MKTG SR - pasek na kartach artykułów

Miał bić kijem od szczotki. Kobieta nie przeżyła

Anna Kopeć
Mikołaj P. odpowiada za ciężki uszczerbek na zdrowiu. Do tragedii miało dojść w domu oskarżonego. Śledczy ustalili, że wielokrotnie kopał i uderzał po całym ciele Małgorzatę S. 56-latek nie przyznaje się do winy. Sąd może mu wymierzyć łagodną karę.

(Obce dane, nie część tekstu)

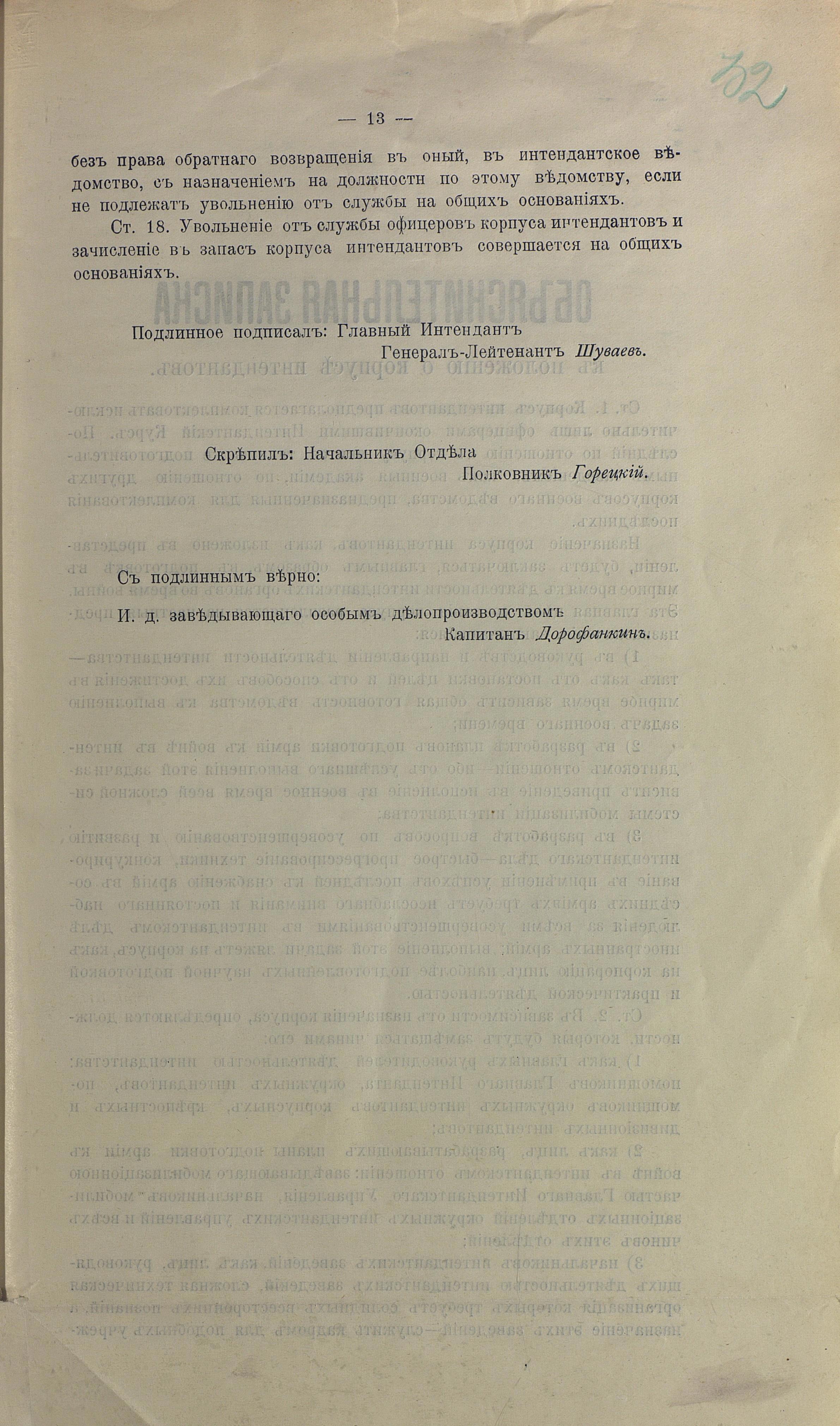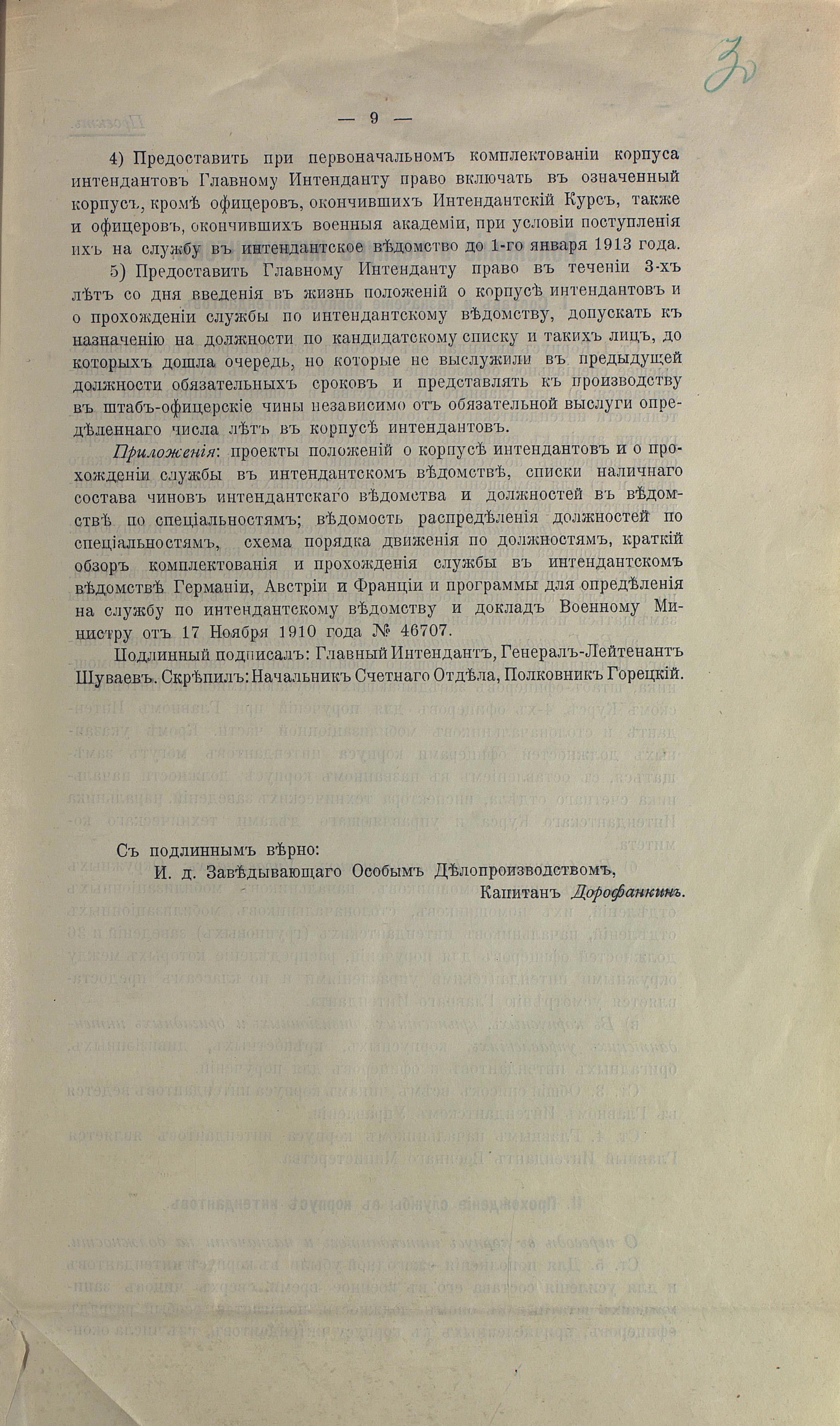 Так удалось ли генералу К.Е. Горецкому создать корпус интендантов? До революции – удалось, но только отчасти. 12 ноября 1911 г., Военный Министр генерал от кавалерии Сухомлинов подписал приказ по Военному ведомству № 541, которым утвердил положение о прохождении службы в интендантском ведомстве.

Mikołaj P. na rozprawę przed Sądem Okręgowym w Białymstoku doprowadzany jest z aresztu śledczego. Odpowiada za spowodowanie ciężkiego uszczerbku na zdrowiu Małgorzaty S. Kobieta zmarła.

Śledczy ustalili, że wieczorem 20 sierpnia 2012 roku we wsi pod Michałowem wielokrotnie kopał kobietę i uderzał rękoma po całym ciele. Miał bić ją drewnianym trzonkiem od szczotki. Małgorzata S. doznała między innymi złamania żebra, nosa, wstrząsu krwotocznego i urazowego.
56-letni mężczyzna nie przyznaje się do zarzutów. Odmówił składania wyjaśnień i odpowiedzi na pytania. Przed prokuratorem mówił, że Małgorzatę znał od kilku miesięcy. Czasem przychodziła do niego na kawę lub wino, ale nie mieszkali razem.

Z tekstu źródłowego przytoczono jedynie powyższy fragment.